Guidelines from the American Academy of Pediatrics released in October suggest that attention deficit hyperactivity disorder can be diagnosed and treated in children as young as age 4, two years younger than the previous minimum age set by AAP a decade ago.

Mark Wolraich, the lead author of the ADHD clinical practice guidelines and a professor of pediatrics at the University of Oklahoma Health Sciences Center, told the Wall Street Journal recently that ADHD in a preschool-aged child is very different from the typically active behavior seen in most young children (www.online.wsj.com, October 17). A child with ADHD often doesn’t play well with other children, is prone to accidents, and is overactive much of the time. “It’s not the environmental things like parties triggering it,” Dr. Wolraich says.

According to the new guidelines, behavior management should be the first approach for treating preschool-aged children.

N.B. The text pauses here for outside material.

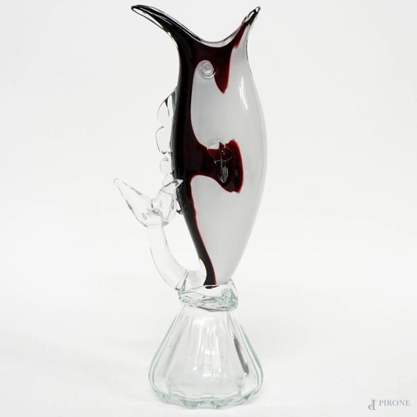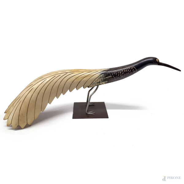 Scultura Vintage In Corno Raffigurante Pavone, CM 17 X 47

But when behavioral interventions aren’t enough, the guidelines suggest that doctors consider prescribing methylphenidate (commonly known by the brand name Ritalin) for preschool-aged children with moderate to severe symptoms.

Other key recommendations include assessing children for other conditions that might coexist with ADHD, such as oppositional defiant and conduct disorders, anxiety, and depression.

“Treating children at a young age is important,” asserts Dr. Wolraich, “because when we can identify them earlier and provide appropriate treatment, we can increase their chances of succeeding in school.”